Command-line tool for OCR using DeepSeek-OCR via Ollama. Runs locally with no API keys or cloud dependencies.

Features

  • Local processing with no API keys or usage costs
  • Powered by Ollama for efficient local inference
  • Supports PDFs and images (JPG, PNG, WEBP, GIF, BMP, TIFF)
  • Batch processing for multiple files and directories
  • Clean markdown output with HTML tables converted to markdown
  • Progress tracking for multi-page PDFs
  • Terminal interface with progress bars and summary tables

Requirements

  • Python 3.10+
  • Ollama installed and running
  • deepseek-ocr model pulled in Ollama

Installation

1. Install Ollama

# macOS/Linux
brew install ollama

# Or download from https://ollama.ai

2. Pull the DeepSeek-OCR model

ollama pull deepseek-ocr

3. Install the CLI

pip install deepseek-ocr-cli

Alternative: Install from source

git clone https://github.com/r-uben/deepseek-ocr-cli.git
cd deepseek-ocr-cli
pip install -e .

Quick Start

# Process a single image
deepseek-ocr document.jpg

# Process a PDF
deepseek-ocr paper.pdf

# Process all files in a directory
deepseek-ocr ./documents/ --recursive

# Custom output directory
deepseek-ocr doc.pdf -o ./results/

# Custom prompt
deepseek-ocr form.jpg --prompt "Extract table data in markdown format"

# Extract page images from PDF
deepseek-ocr paper.pdf --extract-images

CLI Options

deepseek-ocr [OPTIONS] INPUT_PATH

Options:
  -o, --output-dir PATH           Output directory for results
  -r, --recursive                 Recursively process directories
  --model TEXT                    Ollama model name (default: deepseek-ocr)
  --prompt TEXT                   Custom prompt for OCR
  --task [convert|ocr|layout|extract|parse]
                                  OCR task type
  --extract-images                Extract and save page images from PDFs
  --no-metadata                   Exclude metadata from output
  --verbose                       Enable verbose output
  --help                          Show this message and exit.

Commands

process (default)

Process documents and images with OCR.

deepseek-ocr process document.pdf
# or simply
deepseek-ocr document.pdf

info

Show system and configuration information.

deepseek-ocr info

Output Format

The CLI generates markdown files with clean, structured output:

---
source: /path/to/document.pdf
processed: 2025-12-01T15:30:00
pages: 3
processing_time: 18.45s
model: deepseek-ocr
backend: ollama
---

## Page 1

[Extracted content from page 1...]

## Page 2

[Extracted content from page 2...]

Output Processing

Automatically applied to all OCR results:

  • HTML tables converted to markdown tables
  • Bounding box annotations removed
  • HTML entities decoded
  • LaTeX math expressions preserved

Performance

Typical performance on Apple Silicon M3 Pro Max:

  • Simple pages: 3-8 seconds per page
  • Dense tables/charts: 15-50 seconds per page
  • Very complex pages: Up to 7 minutes (rare)
  • Average (mixed content): ~20 seconds per page
  • 24-page PDF: ~8-20 minutes

Processing time varies significantly based on content density.
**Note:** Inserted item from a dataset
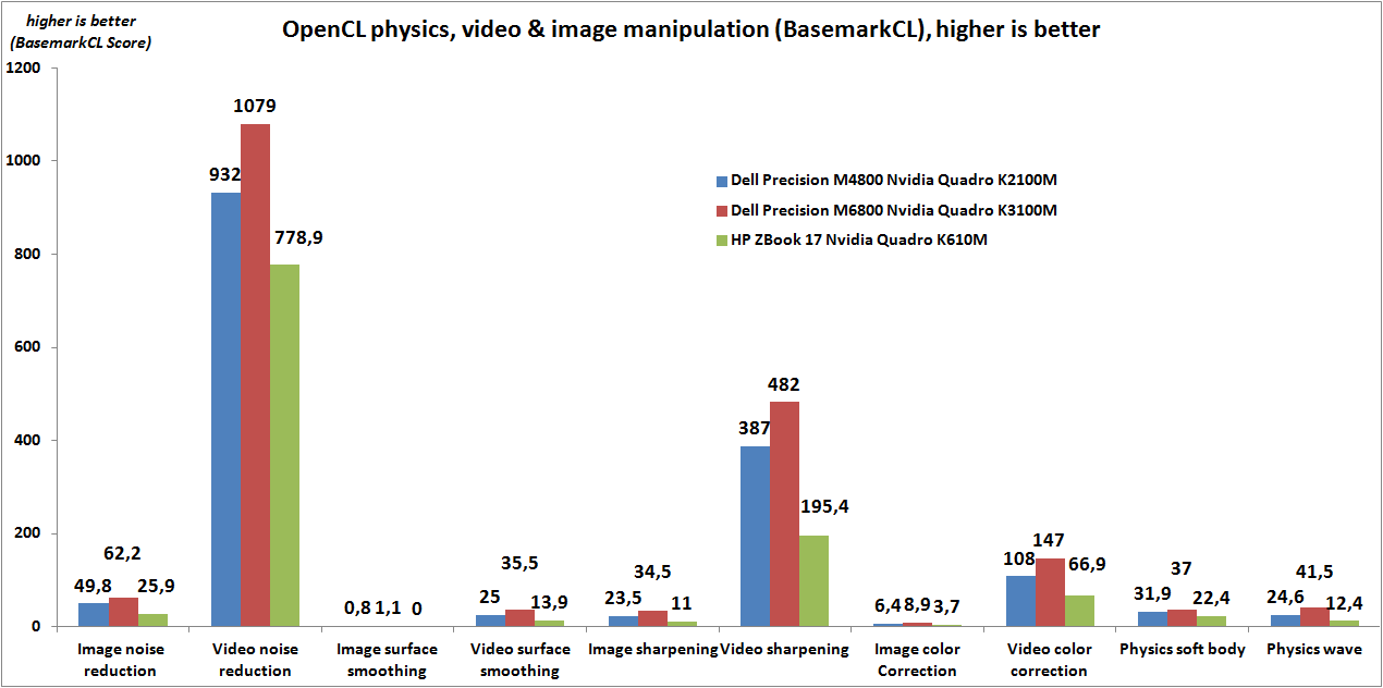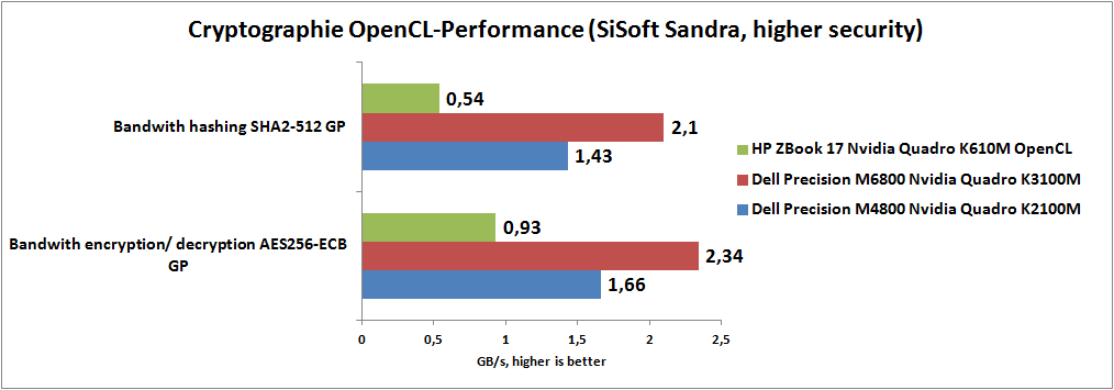 Ebenfalls keine Lorbeeren erntet die Quadro K610M, wenn es darum geht, Aufgaben per OpenCL oder CUDA durch die Grafikeinheit bewältigen zu lassen. Beim Luxmark Raytracing-Benchmark wird sie sogar von Intels HD Graphics 4400 aus dem Dell Latitude E7240 überfügelt. Ebenfalls keine Chance hat Nvidias eigene CUDA-Engine im Vergleich zu Intels Quick Sync Video, wenn Videokonvertierungen durchgeführt werden. Bei weiteren OpenCL-Tests aus den Bereichen Finanzmathematik, Kryptographie, Video- und Fotofilter fehlen noch Vergleichswerte außerhalb der Quadro-Riege. Im internen Vergleich ordnet sich die Quadro K610M wie erwartet am unteren Ende der Leistungsskala ein.
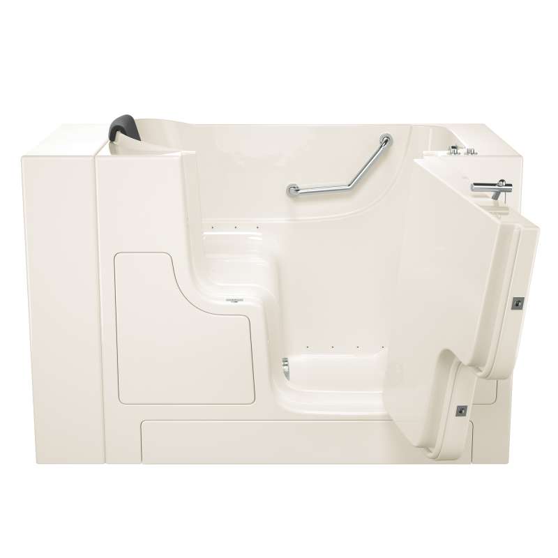 The American Standard 30-in x 52-in Gelcoat walk-in bath provides a similar bathing experience to larger models but fits in smaller spaces and uses less water. The included tub extender allows this tub to retrofit in the same space as a standard bathtub. The full sized, outward opening, contoured door with a low door threshold allows ease of entry and exit. Fully equipped, the 105 Premium Series offers all the latest in safety and comfort features with the most advanced therapeutic options and backed by a lifetime warranty on the door seal, a 10 year warranty on the tub shell and a 5 year warranty on all other components.

Sparse pages process quickly, while dense tables or complex layouts take longer. The tool includes a 10-minute timeout per page to handle extreme cases.

Configuration

Create a .env file to customize settings:

DEEPSEEK_OCR_MODEL_NAME=deepseek-ocr
DEEPSEEK_OCR_OUTPUT_DIR=output
DEEPSEEK_OCR_EXTRACT_IMAGES=false
DEEPSEEK_OCR_INCLUDE_METADATA=true
DEEPSEEK_OCR_LOG_LEVEL=INFO
OLLAMA_URL=http://localhost:11434

Programmatic Usage

from pathlib import Path
from deepseek_ocr import ModelManager, OCRProcessor

model_manager = ModelManager(model_name="deepseek-ocr")
model_manager.load_model()

processor = OCRProcessor(
    model_manager=model_manager,
    output_dir=Path("./results"),
)

result = processor.process_file(Path("document.pdf"))
print(result.output_text)

processor.save_result(result)

model_manager.unload_model()

Troubleshooting

Ollama not running

# Start Ollama
ollama serve

Model not found

# Pull the model
ollama pull deepseek-ocr

Check status

deepseek-ocr info

Development

poetry install

poetry run pytest
poetry run black .
poetry run ruff check .

License

MIT License - see LICENSE for details.

Built With

This tool is built on top of:

  • DeepSeek-OCR - Vision-language model for OCR by DeepSeek AI
  • Ollama - Local LLM runtime for running models efficiently
  • PyMuPDF - PDF processing library
  • Pillow - Image processing library
  • Click - CLI framework
  • Rich - Terminal formatting and progress bars

Project details


Download files

Download the file for your platform. If you're not sure which to choose, learn more about installing packages.

Source Distribution

deepseek_ocr_cli-0.2.0.tar.gz (13.5 kB view details)

Uploaded Source

Built Distribution

If you're not sure about the file name format, learn more about wheel file names.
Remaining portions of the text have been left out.